** Raw data **
▼
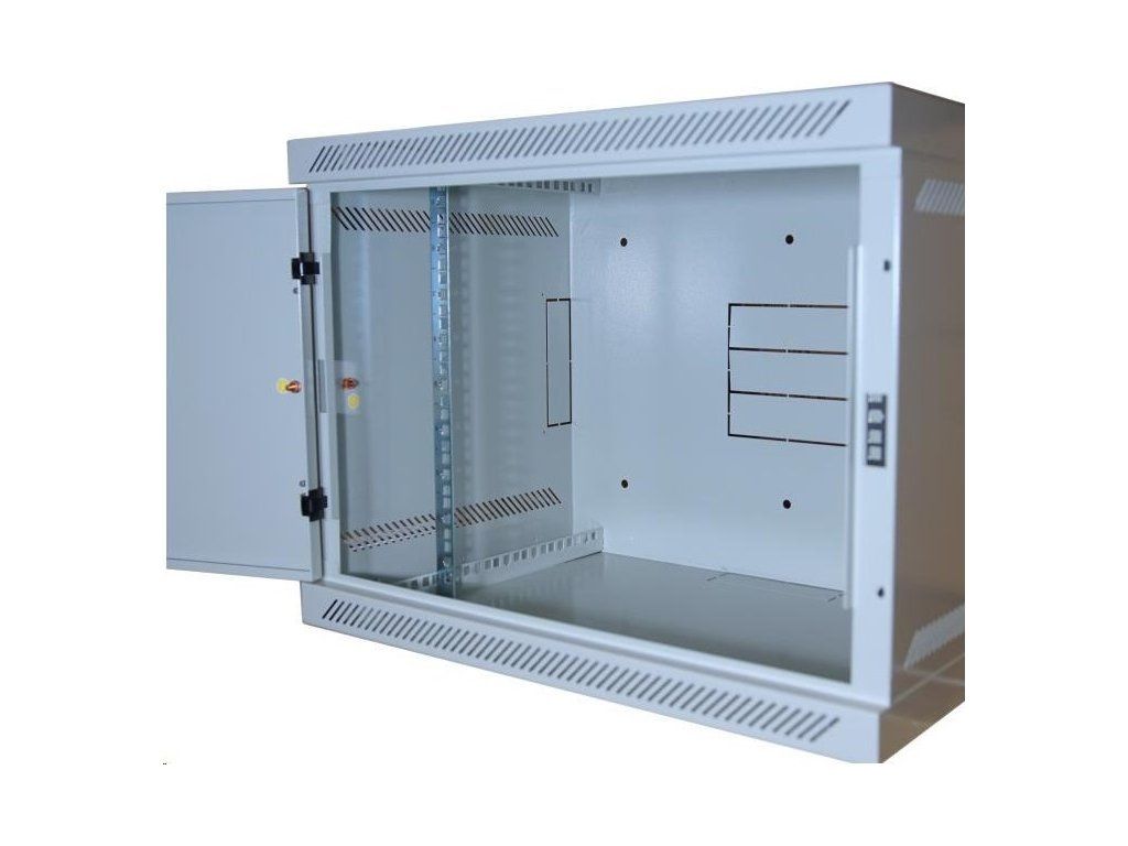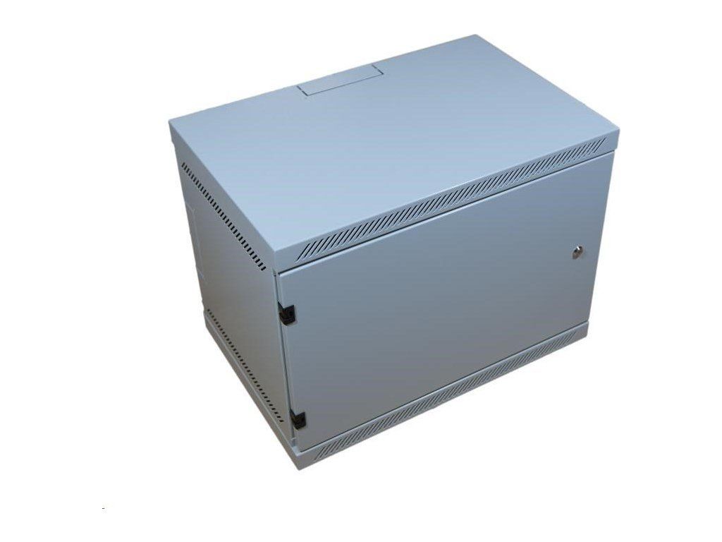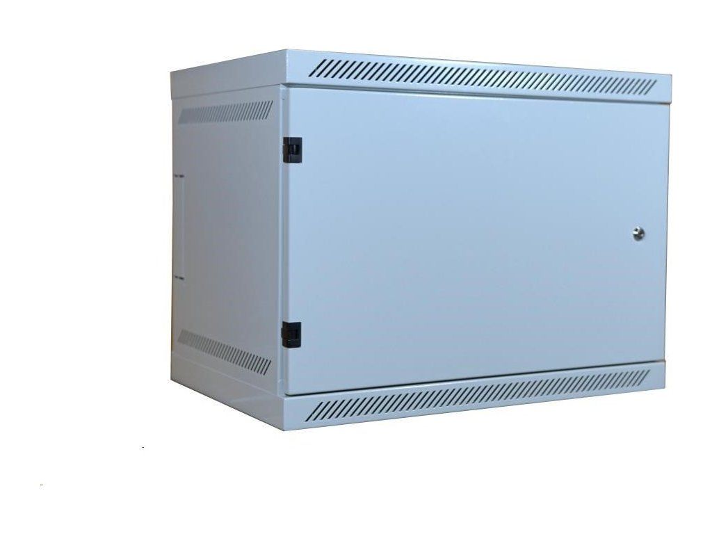 19" nástenná skriňa LEXI 9U, plné dvere, uzamykateľná, antivandal, hĺbka 400 mm, nosnosť 60 kg, sivá
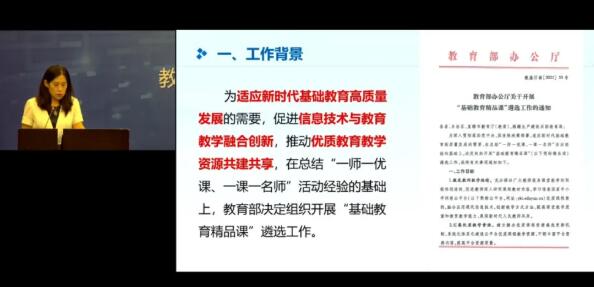 會上,教育部基礎教育司司長呂玉剛指出,“基礎教育精品課”遴選工作是推進基礎教育高質量發展的重要舉措,是落實“雙減”任務的重要行動,也是新時期進一步推進信息技術和教育教學融合的重要手段。
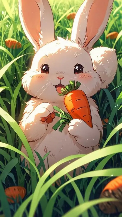 Hình nền dọc thỏ trắng mũm mĩm ôm củ cà rốt giữa bụi cỏ cao, đôi má hồng và biểu cảm rạng rỡ làm phông nền thỏ con này trông rất dễ thương
▲
Repeat the material exactly. Any picture in it should be dropped.

 19" nástenná skriňa LEXI 9U, plné dvere, uzamykateľná, antivandal, hĺbka 400 mm, nosnosť 60 kg, sivá
 會上,教育部基礎教育司司長呂玉剛指出,“基礎教育精品課”遴選工作是推進基礎教育高質量發展的重要舉措,是落實“雙減”任務的重要行動,也是新時期進一步推進信息技術和教育教學融合的重要手段。
 Hình nền dọc thỏ trắng mũm mĩm ôm củ cà rốt giữa bụi cỏ cao, đôi má hồng và biểu cảm rạng rỡ làm phông nền thỏ con này trông rất dễ thương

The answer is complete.